/llmfao

Large Language Model Feedback Analysis and Optimization (LLMFAO)

Primary LanguageJupyter NotebookCreative Commons Attribution 4.0 InternationalCC-BY-4.0

Large Language Model Feedback Analysis and Optimization (LLMFAO)

This is a minimalistic large language model (LLM) leaderboard that is based on human and machine feedback on pairwise responses of the models based on a carefully-selected set of prompts and different models.

The pairwise comparisons are transformed into scores using the Evalica library.

Data

The original Crowdsourced LLM Benchmark dataset in files prompts.jsonl, models.jsonl, and results.jsonl was kindly provided by the team at llmonitor.com under a CC BY 4.0 license.

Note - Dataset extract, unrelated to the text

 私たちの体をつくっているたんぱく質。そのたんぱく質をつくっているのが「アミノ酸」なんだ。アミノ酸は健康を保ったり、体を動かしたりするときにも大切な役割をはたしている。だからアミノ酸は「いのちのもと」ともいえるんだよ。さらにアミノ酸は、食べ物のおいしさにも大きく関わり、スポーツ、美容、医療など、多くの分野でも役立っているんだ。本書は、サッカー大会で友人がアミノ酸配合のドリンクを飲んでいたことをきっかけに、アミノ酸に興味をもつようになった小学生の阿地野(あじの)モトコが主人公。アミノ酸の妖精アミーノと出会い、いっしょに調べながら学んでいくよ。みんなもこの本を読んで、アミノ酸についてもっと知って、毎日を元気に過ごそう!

All files with substring crowd in the name have only prompts from a smaller subset non-coding and non-redundant prompts: k8s, qft, vendor-extract, munchhausen, basic-sentiment, cot-apple, taiwan, sally, holidays, bagel, planets-json, blue, product-description (13 out of 19 prompts).

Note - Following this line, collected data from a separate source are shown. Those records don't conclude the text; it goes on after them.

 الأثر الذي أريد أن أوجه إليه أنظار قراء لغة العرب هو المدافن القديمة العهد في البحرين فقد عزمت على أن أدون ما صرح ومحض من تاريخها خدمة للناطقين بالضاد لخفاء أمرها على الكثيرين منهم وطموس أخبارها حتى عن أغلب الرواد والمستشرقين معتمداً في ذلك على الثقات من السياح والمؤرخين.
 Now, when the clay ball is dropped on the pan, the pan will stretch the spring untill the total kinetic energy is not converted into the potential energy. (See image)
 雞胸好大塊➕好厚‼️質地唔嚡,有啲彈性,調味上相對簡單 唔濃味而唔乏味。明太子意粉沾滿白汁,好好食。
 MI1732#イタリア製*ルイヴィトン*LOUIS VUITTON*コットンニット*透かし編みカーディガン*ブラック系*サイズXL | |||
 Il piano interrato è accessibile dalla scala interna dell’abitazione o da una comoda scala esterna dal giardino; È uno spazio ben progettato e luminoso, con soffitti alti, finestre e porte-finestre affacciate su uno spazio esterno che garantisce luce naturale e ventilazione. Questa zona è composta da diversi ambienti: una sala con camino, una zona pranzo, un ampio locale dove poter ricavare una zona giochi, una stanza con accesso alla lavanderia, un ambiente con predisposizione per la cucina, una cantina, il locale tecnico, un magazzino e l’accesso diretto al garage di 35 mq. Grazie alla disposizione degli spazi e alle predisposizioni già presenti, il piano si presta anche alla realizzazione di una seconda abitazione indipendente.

All other data files were released under the same CC BY 4.0 license by Dmitry Ustalov:

  • pairs.jsonl, pairs-crowd.jsonl: sampled pairs
  • pairs-crowd-training.jsonl: pairs for training the annotators
  • crowd-instruction.md, gpt-instruction.txt: instructions for annotators and models
  • gpt3.jsonl, gpt4.jsonl: GPT-3 and GPT-4 API requests
  • gpt*-responses.jsonl: GPT-3 and GPT-4 API responses
  • *-comparisons.csv: pairwise comparisons
  • *-crowd-comparisons.csv: pairwise comparisons without code-related pairs
erDiagram
    models {
        int id
        string api_id
        string name
        string api
        string type
        string org
    }
    prompts {
        int id
        string text
        string type
        string slug
        string stop
        string note
    }
    results {
        int id
        int model
        string result
        float duration
        float rate
        int prompt
        string api_id
        string name
        string api
        string type
        string org
        string slug
    }
    pairs {
        int id
        int prompt
        string text
        string type
        string slug
        string note
        int model_x
        string result_x
        int model_y
        string result_y
    }
    comparisons {
        int id
        int prompt
        int model_x
        int model_y
        string left
        string right
        string winner
    }
    models ||--|{ results : has
    models ||--|{ pairs : has
    models ||--|{ comparisons : has
    prompts ||--|{ results : has
    prompts ||--|{ pairs : has
    prompts ||--|{ comparisons : has
Loading

Code

All the code is released under the GPLv3+ license, but if you use only the data and not the code, it does not apply to you.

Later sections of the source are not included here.